[Emily Ryan] Developing Energy Technologies for the Future: Micron to Device Scale
Developing Energy Technologies for the Future: Micron to Device Scale
Emily Ryan
Junior Faculty Fellow, Hariri Institute for Computing
Assistant Professor, Department of Mechanical Engineering/Division of
Materials Science and Engineering
Boston University
Abstract: With increasing concerns over global warming and decreasing recoverable fossil fuel reserves, development of advanced energy technologies is critical to a sustainable future. Efficient energy conversion and storage technologies, such as fuel cells and high energy density batteries, are needed along with technologies to control and remediate pollution from existing technologies, such as coal burning power plants. Computational modeling can be a powerful tool for the design of new technologies and understanding the operation and performance of existing technologies. A major computational challenge for energy technologies is the complex multi-physics occurring over multiple length and time scales. Resolving the overall operation and performance of a device from the micron through meter scales in one model is computationally intractable. Instead multiple computational models and methods are needed and frameworks for coupling these models together need to be developed. In this talk I will discuss the development of computational models at various scales and the coupling and upscaling of computational models to simulate overall device scale performance of energy technologies. As part of the discussion the issues of verification, validation and uncertainty quantification will be addressed along with their impact on model development and use.

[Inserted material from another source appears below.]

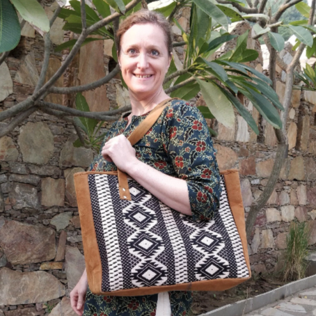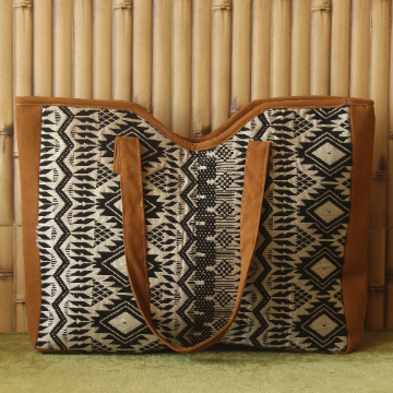 Stay organized with our Jacquard Leather Tote at Bombay Blossom.

Bio: Professor Emily Ryan is an Assistant Professor in the Department of Mechanical Engineering and the Division of Materials Science and Engineering at Boston University. She received her Ph.D. in mechanical engineering from Carnegie Mellon University in 2009, where her dissertation research focused on numerical modeling of chromium poisoning in the cathode of a solid oxide fuel cell. After graduating from Carnegie Mellon she worked as a post-doctoral research associate and staff computational scientist in the Computational Mathematics and Engineering group at Pacific Northwest National Laboratory. Since joining Boston University in 2012, she founded the Computational Energy Laboratory, which focuses on the development of computational models of advanced energy systems, including fuel cells, carbon capture technologies, and advanced battery technologies. Funding for her research comes from the Department of Energy, Samsung Electric Corporation, and Boston University.